# Data segment
/---
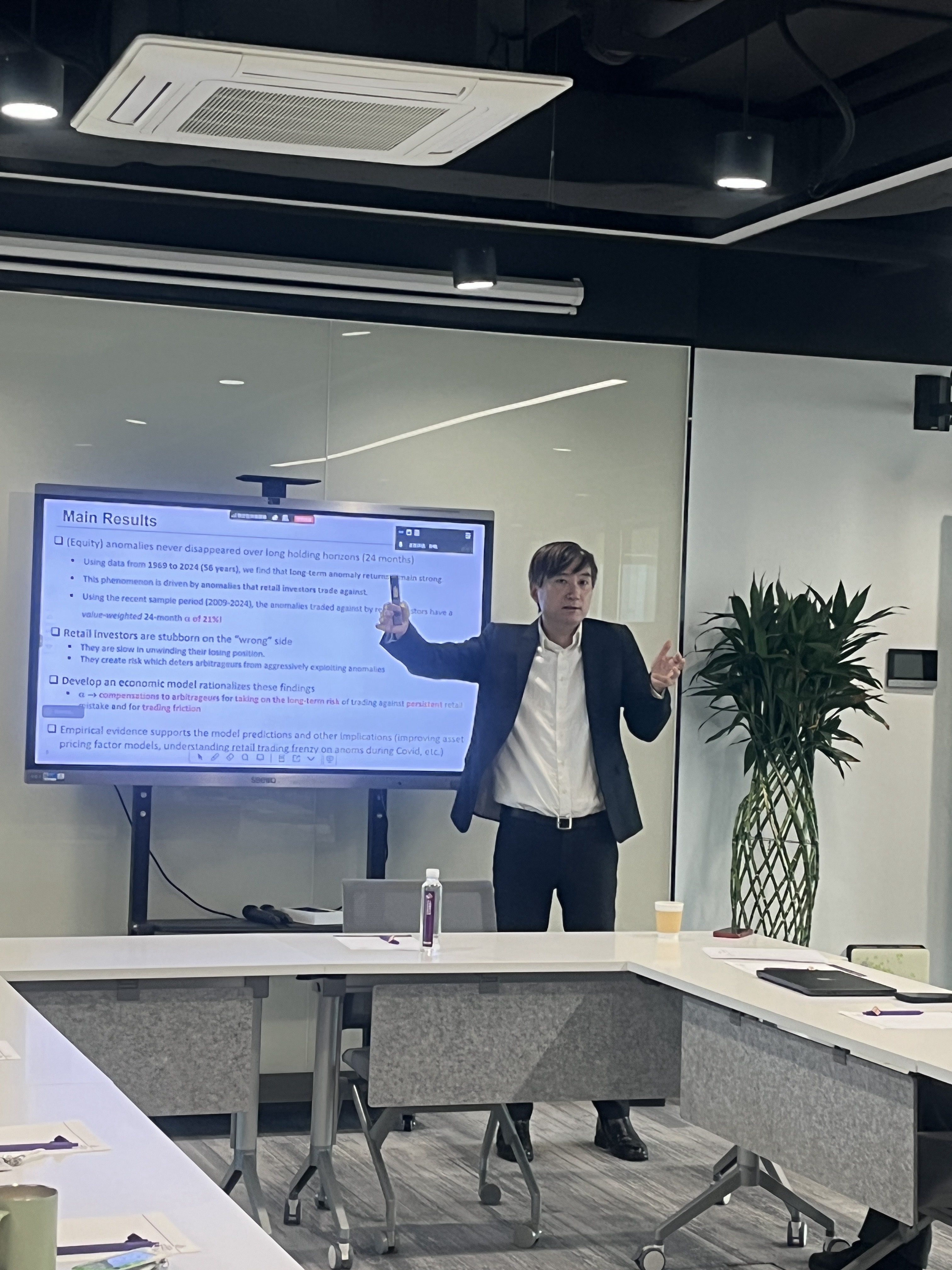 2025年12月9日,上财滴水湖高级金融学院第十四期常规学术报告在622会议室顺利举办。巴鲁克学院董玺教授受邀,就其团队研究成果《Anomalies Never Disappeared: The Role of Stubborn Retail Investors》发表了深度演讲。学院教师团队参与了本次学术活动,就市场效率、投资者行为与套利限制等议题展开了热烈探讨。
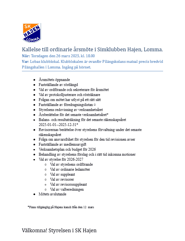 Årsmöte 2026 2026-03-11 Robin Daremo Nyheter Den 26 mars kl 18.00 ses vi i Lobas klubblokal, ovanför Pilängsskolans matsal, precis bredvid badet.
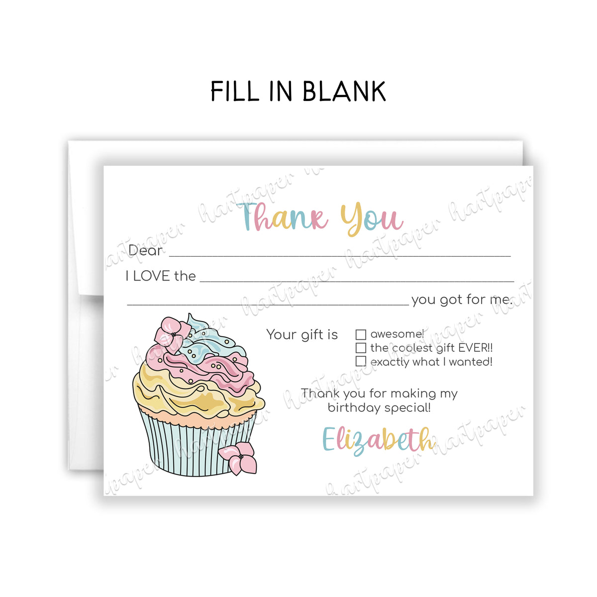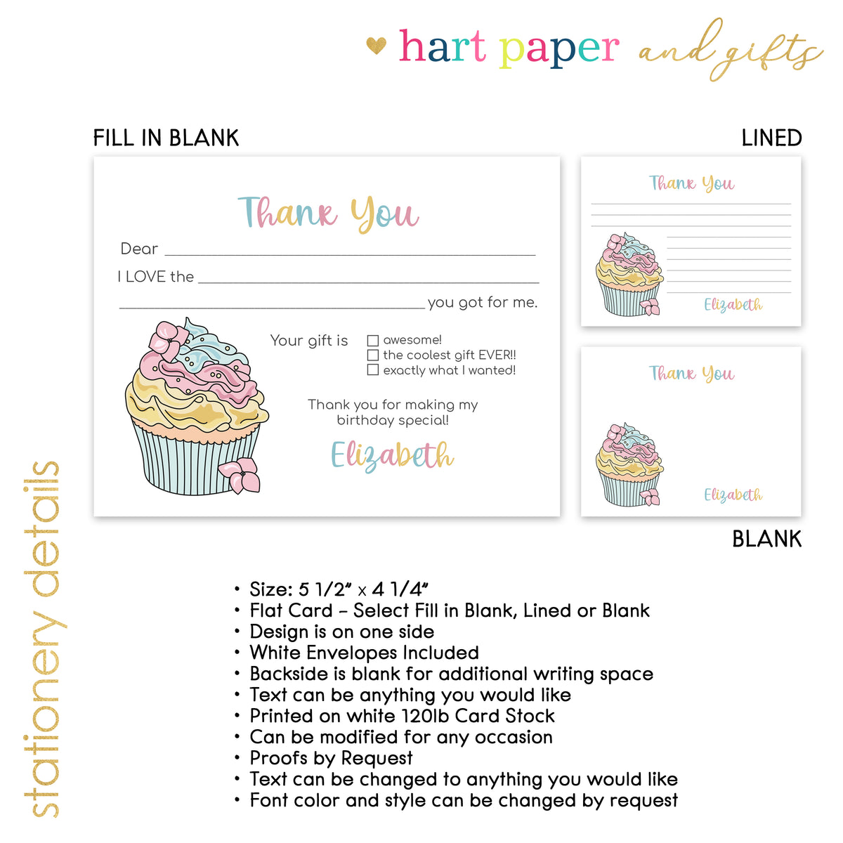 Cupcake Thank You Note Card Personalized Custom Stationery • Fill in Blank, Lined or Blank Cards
\---
The full listing, reproduced exactly and without pictures, is the expected output.

 2025年12月9日,上财滴水湖高级金融学院第十四期常规学术报告在622会议室顺利举办。巴鲁克学院董玺教授受邀,就其团队研究成果《Anomalies Never Disappeared: The Role of Stubborn Retail Investors》发表了深度演讲。学院教师团队参与了本次学术活动,就市场效率、投资者行为与套利限制等议题展开了热烈探讨。
 Årsmöte 2026 2026-03-11 Robin Daremo Nyheter Den 26 mars kl 18.00 ses vi i Lobas klubblokal, ovanför Pilängsskolans matsal, precis bredvid badet.
 Cupcake Thank You Note Card Personalized Custom Stationery • Fill in Blank, Lined or Blank Cards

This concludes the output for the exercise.